China / Society

Love and respect: Hani in tune with nature

By Wang Hao, Pauline D. Loh and Cang Lide (China Daily) Updated: 2012-06-10 10:37

This is an isolated paradise where man and nature have lived happily together for generations. But besides being a favorite perch for photographers all over the world, the Honghe Hani Rice Terraces deserve recognition for more than just scenery for pretty pictures. The China Daily Sunday team of Wang Hao, Pauline D. Loh and Cang Lide takes to the hills and roots out the reasons why.

Love and respect: Hani in tune with nature

In May and June, the Honghe Hani Rice Terraces are a patchwork of fresh green. [Photo by Li Jincan / for China Daily]

Every Hani has a song in his heart. It is these songs that have channeled the wisdom of their ancestors down through the ages. And now, while the rest of China spirals towards urbanization at breakneck speed, it is these songs that keep the Hani in harmony with nature and with themselves - almost like musical mantras for protection.

The Honghe Hani and Yi autonomous prefecture lies deep at the bottom of Yunnan province, in Southwest China. Go south past the prefecture and you hit the China-Vietnam border soon after.

It is this relative isolation that has preserved the Hani Rice Terraces and its dual heritage of an ethnic lifestyle intimately connected to the land, and the secrets of keeping an ecological balance that results in rice fields perennially rich and lush while the rest of the region thirsts in a three-year drought that is only just starting to break.

It takes a lot of rain to slake earth parched and cracked for so many growing seasons.

But, on the Honghe Hani Terraces, the land has been kept moist and fertile, and the only cracks that are appearing here seem to be threats on the horizon.

Local authorities and concerned community elders are grappling with the problems of a restless younger generation eager to try out the attractions of the big city.

These temporary temptations can do permanent damage to the Hani heritage if another type of balance is not brought about soon.

How do you tread the tightrope of giving the Hani all the advantages of 21st century life while helping them preserve a precious, proven self-sufficiency?

To solve at least some of these headaches, the Hani Rice Terraces Association was set up in 2003.

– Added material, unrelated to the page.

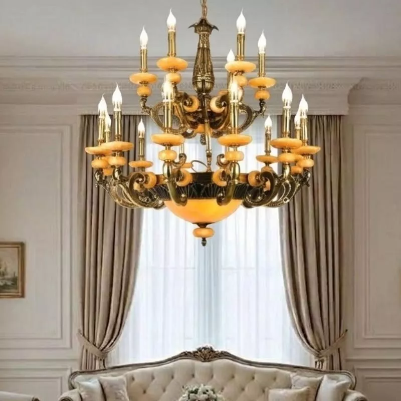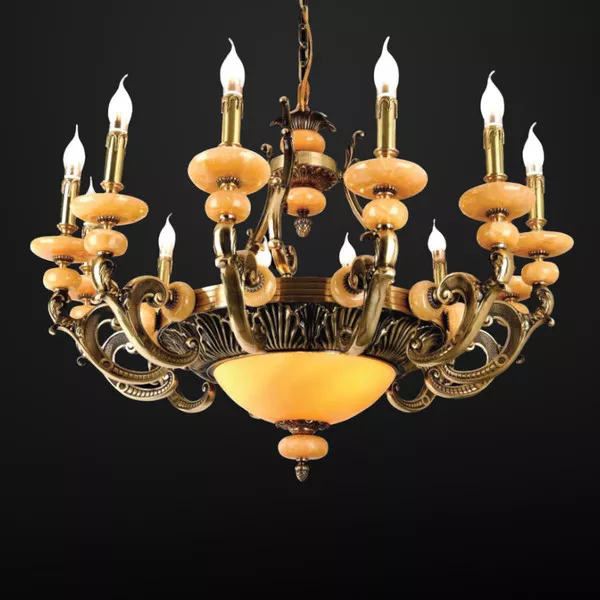 Đèn chùm đồng nguyên chất, chao đá ngọc cao cấp DCD-122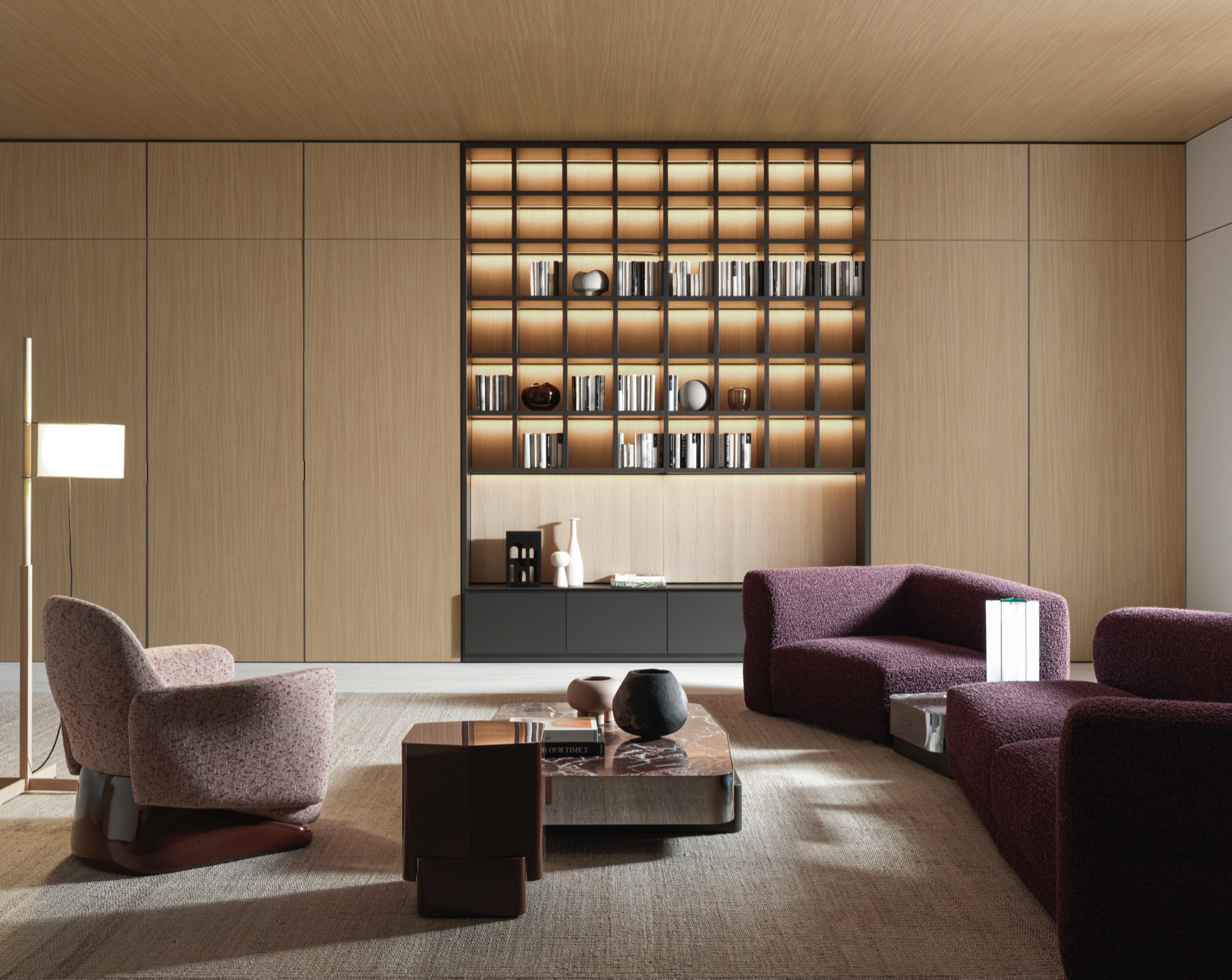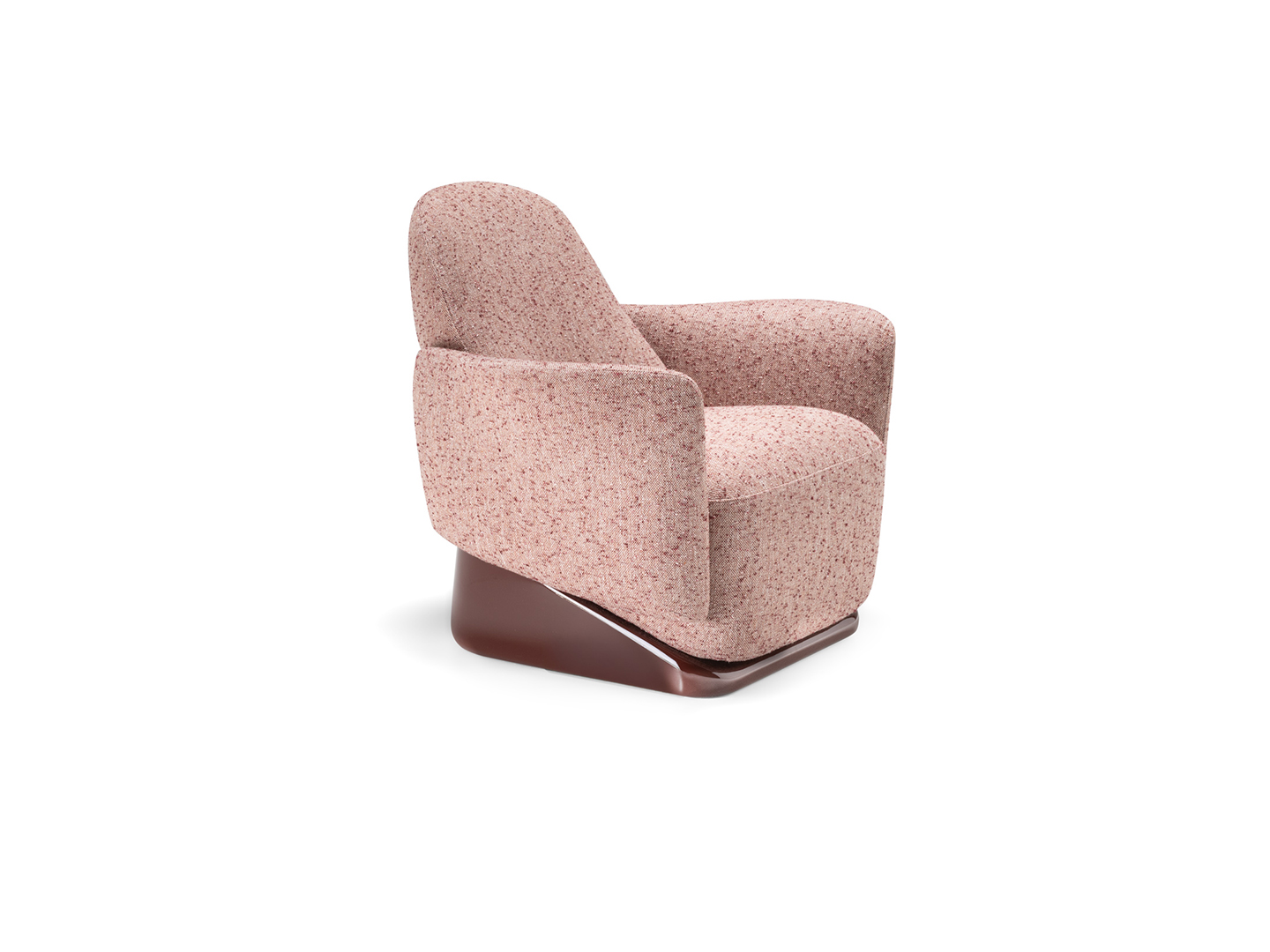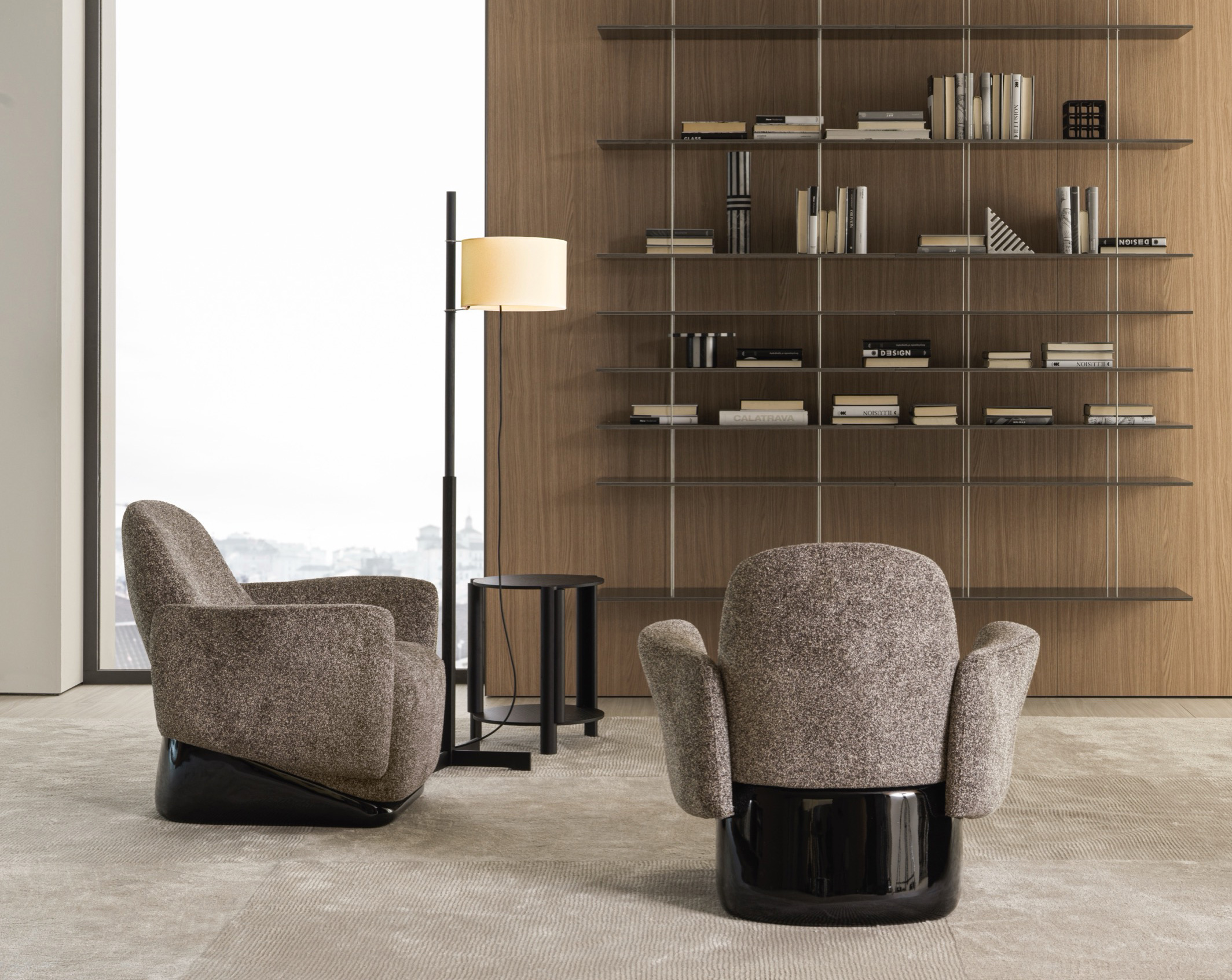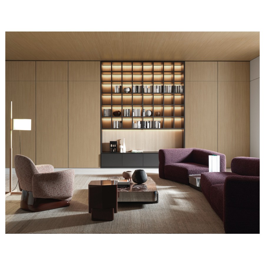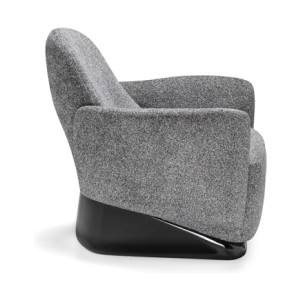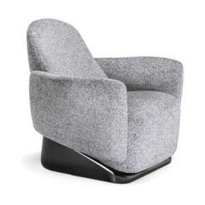 The armchair’s design deconstructs traditional comfort, reimagining its components with invisible joints that create a seamless integration of form and function. Its solid, yet lightweight profile is perfectly complemented by a sleek base finished in glossy lacquer, accentuating its clean, linear design.

It is headed by Zhang Hongzhen, also the director of the Honghe Hani Rice Terraces agriculture board, a dynamic advocate of Hani culture who has gathered a dedicated team about her.

She personally led us on a two-day tour of the terraces, allowing us access to community leaders and villages that the casual tourist will never get.

One of the association's recent achievements had been to get the rice terraces listed, in June 2010, under the Globally Important Agricultural Heritage Systems Pilot Sites (GIAHS) of UNFAO, the United Nation's Food and Agriculture Organization.

The current buzz for the Rice Terraces is an application to get recognized as an UNESCO World Heritage Site as a cultural landscape.

Zhang, 48, is a Hani from the Red River and she quotes from the songs often. In fact, she had them documented and published in Chinese from the original Hani language, and then translated into English. The volume is called the Songs of the Four Seasons.